Each line starting at the one that contains "삭제 처리하겠습니다. |" and ending at the one that contains "Trendy pink and" must be returned exactly, and the rest of the listing is left out.

■ Records supplied ■
----
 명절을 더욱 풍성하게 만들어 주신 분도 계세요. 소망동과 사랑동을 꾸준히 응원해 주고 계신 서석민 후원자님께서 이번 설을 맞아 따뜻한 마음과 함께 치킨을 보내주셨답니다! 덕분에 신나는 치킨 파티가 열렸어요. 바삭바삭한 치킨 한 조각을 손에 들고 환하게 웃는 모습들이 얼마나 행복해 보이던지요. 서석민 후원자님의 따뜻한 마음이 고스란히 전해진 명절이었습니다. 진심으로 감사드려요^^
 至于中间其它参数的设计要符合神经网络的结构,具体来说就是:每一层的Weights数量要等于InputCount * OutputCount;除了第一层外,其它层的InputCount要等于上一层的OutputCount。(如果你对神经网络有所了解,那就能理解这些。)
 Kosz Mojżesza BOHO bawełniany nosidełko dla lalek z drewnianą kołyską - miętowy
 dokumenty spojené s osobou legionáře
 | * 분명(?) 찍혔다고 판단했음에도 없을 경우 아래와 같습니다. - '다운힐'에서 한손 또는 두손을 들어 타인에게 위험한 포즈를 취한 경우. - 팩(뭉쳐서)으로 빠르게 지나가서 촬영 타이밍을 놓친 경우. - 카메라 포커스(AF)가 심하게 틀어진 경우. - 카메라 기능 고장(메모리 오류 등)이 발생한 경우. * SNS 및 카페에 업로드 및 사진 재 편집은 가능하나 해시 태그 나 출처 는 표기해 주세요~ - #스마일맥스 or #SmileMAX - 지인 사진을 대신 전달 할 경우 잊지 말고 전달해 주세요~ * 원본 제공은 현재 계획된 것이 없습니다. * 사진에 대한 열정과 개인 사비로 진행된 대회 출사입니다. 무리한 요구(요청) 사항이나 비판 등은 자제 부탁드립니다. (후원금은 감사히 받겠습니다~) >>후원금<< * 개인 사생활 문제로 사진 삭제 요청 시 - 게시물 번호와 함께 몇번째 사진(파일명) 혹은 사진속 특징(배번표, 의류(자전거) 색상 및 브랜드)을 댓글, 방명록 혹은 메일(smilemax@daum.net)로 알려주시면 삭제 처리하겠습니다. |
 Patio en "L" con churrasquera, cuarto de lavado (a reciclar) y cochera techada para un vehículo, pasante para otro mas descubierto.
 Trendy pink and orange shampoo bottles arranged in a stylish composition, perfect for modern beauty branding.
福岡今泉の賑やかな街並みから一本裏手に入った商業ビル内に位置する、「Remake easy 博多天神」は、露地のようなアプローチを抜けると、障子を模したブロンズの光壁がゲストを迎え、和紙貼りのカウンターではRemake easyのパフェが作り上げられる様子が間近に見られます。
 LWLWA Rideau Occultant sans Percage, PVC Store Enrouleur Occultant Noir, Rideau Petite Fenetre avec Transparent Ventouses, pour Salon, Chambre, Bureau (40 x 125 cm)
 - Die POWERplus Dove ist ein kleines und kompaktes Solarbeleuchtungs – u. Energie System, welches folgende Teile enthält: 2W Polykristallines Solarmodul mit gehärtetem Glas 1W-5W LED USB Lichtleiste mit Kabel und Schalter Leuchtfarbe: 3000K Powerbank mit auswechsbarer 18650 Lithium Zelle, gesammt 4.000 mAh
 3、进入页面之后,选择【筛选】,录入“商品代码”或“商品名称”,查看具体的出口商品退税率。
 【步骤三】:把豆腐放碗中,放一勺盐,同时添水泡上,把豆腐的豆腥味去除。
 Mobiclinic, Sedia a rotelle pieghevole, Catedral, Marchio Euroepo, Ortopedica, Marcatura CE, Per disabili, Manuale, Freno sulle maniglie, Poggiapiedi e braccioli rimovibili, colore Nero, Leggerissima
----
■ Exercise result ■
 | * 분명(?) 찍혔다고 판단했음에도 없을 경우 아래와 같습니다. - '다운힐'에서 한손 또는 두손을 들어 타인에게 위험한 포즈를 취한 경우. - 팩(뭉쳐서)으로 빠르게 지나가서 촬영 타이밍을 놓친 경우. - 카메라 포커스(AF)가 심하게 틀어진 경우. - 카메라 기능 고장(메모리 오류 등)이 발생한 경우. * SNS 및 카페에 업로드 및 사진 재 편집은 가능하나 해시 태그 나 출처 는 표기해 주세요~ - #스마일맥스 or #SmileMAX - 지인 사진을 대신 전달 할 경우 잊지 말고 전달해 주세요~ * 원본 제공은 현재 계획된 것이 없습니다. * 사진에 대한 열정과 개인 사비로 진행된 대회 출사입니다. 무리한 요구(요청) 사항이나 비판 등은 자제 부탁드립니다. (후원금은 감사히 받겠습니다~) >>후원금<< * 개인 사생활 문제로 사진 삭제 요청 시 - 게시물 번호와 함께 몇번째 사진(파일명) 혹은 사진속 특징(배번표, 의류(자전거) 색상 및 브랜드)을 댓글, 방명록 혹은 메일(smilemax@daum.net)로 알려주시면 삭제 처리하겠습니다. |
 Patio en "L" con churrasquera, cuarto de lavado (a reciclar) y cochera techada para un vehículo, pasante para otro mas descubierto.
 Trendy pink and orange shampoo bottles arranged in a stylish composition, perfect for modern beauty branding.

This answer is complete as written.